The gossipy part of the story (and I hope it is just gossip) is that he has asked Britney Spears to play the title role. The funny thing is, given Gibson’s quirkiness, he is just the man to do it and perhaps even to pull it off. Nevertheless, the yuck factor is a bit too much for me. I wish Miss Spears well, and hope she gets her life together; however, she would have to turn a miraculous performance to make me forget what she has stood for, which is diametrically opposed to the holiness and purity of the Maid of Orleans. I know. . . I know. . . This is what actors do. Their job is to pretend to be someone they are not. Even so . . .

I just hope this is not another crime that Hollywood will have to atone for. I will be the first to throw a fagot on the pyre.

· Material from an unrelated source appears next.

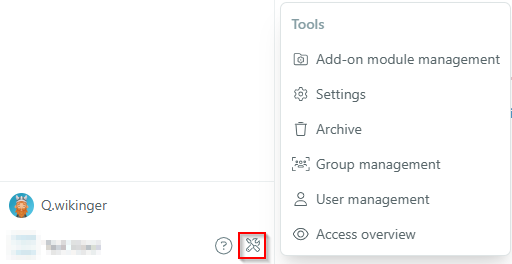 The arrangement of the tools has been updated as of Q.wiki release 6.8. From now on, there are area-specific tools that are located directly in the respective module. Note: Depending on which rights you have in Q.wiki, different tools will be displayed.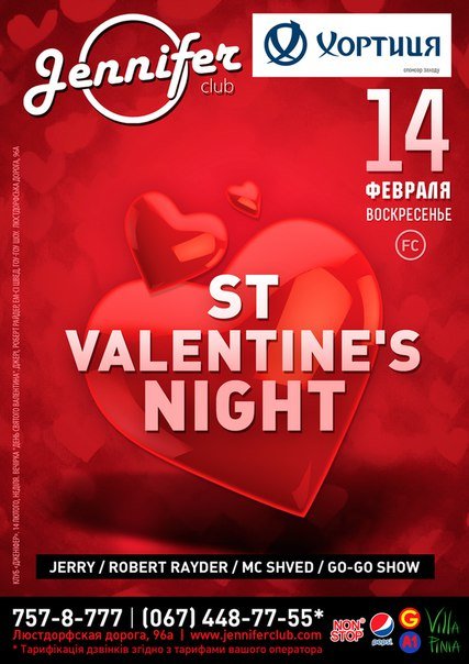 Приглашаем всех влюбленных на нашу влюбленную вечеринку "St Valentine's Night".

The original The Passion of Joan of Arc has all the exaggeration of expression that is typical of a silent movie, and then some. The director, Carl Theodor Dreyer, used a great deal of extreme close ups on the faces of his actors, and he insisted that they be filmed without makeup. So the piece appeals mostly to those who like art films. I never had the chance to see the whole thing, but my impression is that the character of St. Joan was exaggerated by way of melancholy and sadness. In this, I wonder if Spears is being typecast.

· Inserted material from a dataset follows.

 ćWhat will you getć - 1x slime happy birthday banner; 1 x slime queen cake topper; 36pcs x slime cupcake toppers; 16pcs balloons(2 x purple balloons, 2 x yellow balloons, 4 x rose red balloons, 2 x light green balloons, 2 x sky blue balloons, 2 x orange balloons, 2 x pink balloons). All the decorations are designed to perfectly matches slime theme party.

I have no problem with historical fiction or with writers and directors taking some license and turning a historically based story into a work of art. In this case, however, I am quite fond of the historical St. Joan, and what is more, this is one of those rare instances when the actual history is better than fiction. I don’t think a writer could make up a better story than the one that is revealed by the sources contemporary with the saint. Her life is extremely well documented, because of the various ecclesiastical trials that took place during her life and shortly after her death.

Furthermore, the real St. Joan was as complex a character as any filmmaker could ask for. There is plenty to develop. Apart from her revelations, she was an ordinary child. She was simple and uneducated; however, under the direction of her voices and through the power of God’s grace, she became a military genius, not just a figurehead, but the real leader of the French army. She was feminine and chaste, a passionate lover of France, and a compassionate helpmate to those in need, including to the English who lay dying in the field of battle. But she was also fearless and brilliant in the face to of her captors, quick witted and sarcastic. What more could you ask for?

I just wish Hollywood would leave the truth alone. If they won’t treat The Maid with reverence, they should keep their dirty hands off.

Now, I would not ordinarily speak in this context about a religious film in the hands of Mel Gibson. I will try to reserve judgment. However, his choice of script and actress (if indeed the story is confirmed) gives me pause.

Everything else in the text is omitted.